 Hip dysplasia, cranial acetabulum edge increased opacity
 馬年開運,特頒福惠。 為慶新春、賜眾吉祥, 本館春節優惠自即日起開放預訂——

* * *

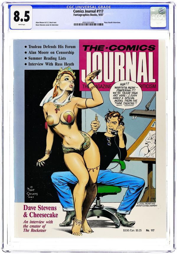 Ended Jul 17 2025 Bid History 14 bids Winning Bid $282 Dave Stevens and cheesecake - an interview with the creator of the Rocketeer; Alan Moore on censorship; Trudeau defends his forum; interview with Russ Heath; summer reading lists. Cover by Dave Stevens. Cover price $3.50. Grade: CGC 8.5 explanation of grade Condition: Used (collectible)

...

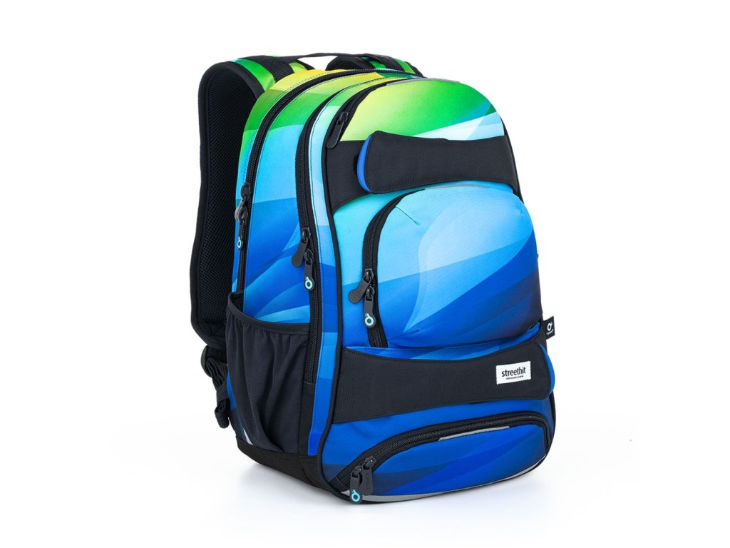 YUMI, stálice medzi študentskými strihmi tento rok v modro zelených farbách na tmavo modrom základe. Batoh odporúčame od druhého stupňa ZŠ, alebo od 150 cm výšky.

» **Exercise directions**
Start with the line above that contains "Hip dysplasia, cranial" and stop after the line that contains "馬年開運,特頒福惠。 為慶新春、賜眾吉祥, 本館春節優惠自即日起開放預訂——". Output those lines exactly, and only those.

» **Finished task**
 Hip dysplasia, cranial acetabulum edge increased opacity
 馬年開運,特頒福惠。 為慶新春、賜眾吉祥, 本館春節優惠自即日起開放預訂——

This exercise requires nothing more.